Source data: Begin
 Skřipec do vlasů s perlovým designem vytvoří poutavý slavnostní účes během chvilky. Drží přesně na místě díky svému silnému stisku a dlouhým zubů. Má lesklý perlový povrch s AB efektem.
Source data: End
Source data: Begin
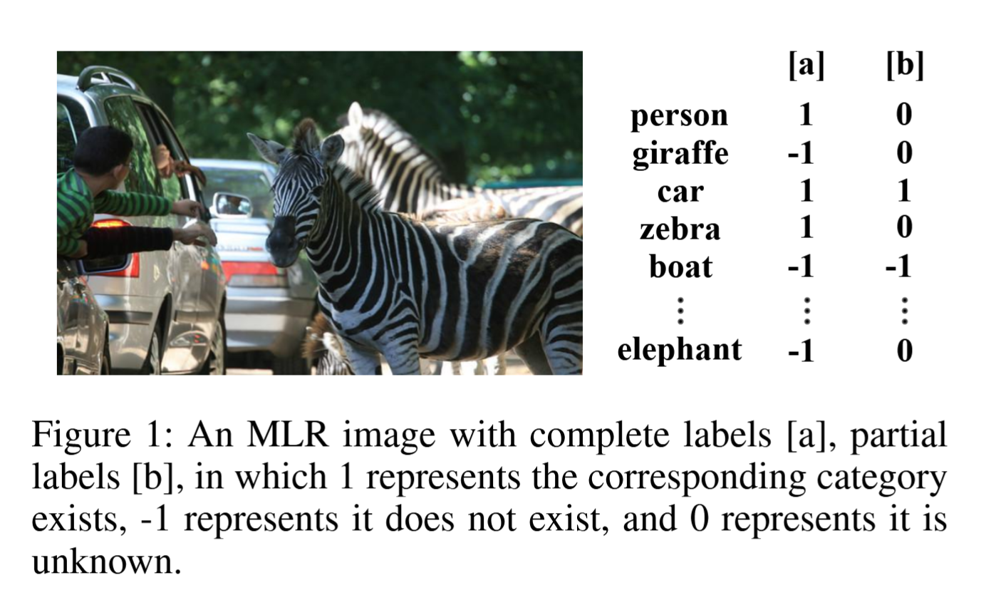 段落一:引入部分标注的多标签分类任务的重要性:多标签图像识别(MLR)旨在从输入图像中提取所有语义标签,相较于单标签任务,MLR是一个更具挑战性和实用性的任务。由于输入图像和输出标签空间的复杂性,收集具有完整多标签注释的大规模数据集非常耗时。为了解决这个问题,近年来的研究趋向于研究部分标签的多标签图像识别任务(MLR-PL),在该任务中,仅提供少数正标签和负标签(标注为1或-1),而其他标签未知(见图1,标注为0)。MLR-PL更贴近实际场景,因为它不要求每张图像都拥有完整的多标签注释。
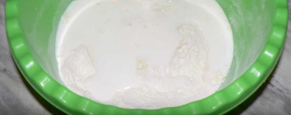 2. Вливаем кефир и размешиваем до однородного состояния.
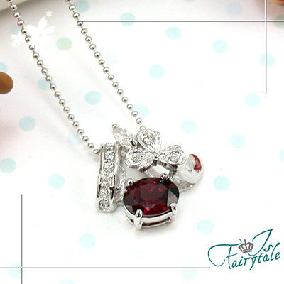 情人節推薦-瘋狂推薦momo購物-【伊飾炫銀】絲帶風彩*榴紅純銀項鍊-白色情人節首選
Source data: End
• Assigned task:
Transcribe only this stretch of the data: the line with "2. Вливаем кефир", the line with "情人節推薦-瘋狂推薦momo", and every line in between. Leave out the pictures.

• Written solution:
 2. Вливаем кефир и размешиваем до однородного состояния.
 情人節推薦-瘋狂推薦momo購物-【伊飾炫銀】絲帶風彩*榴紅純銀項鍊-白色情人節首選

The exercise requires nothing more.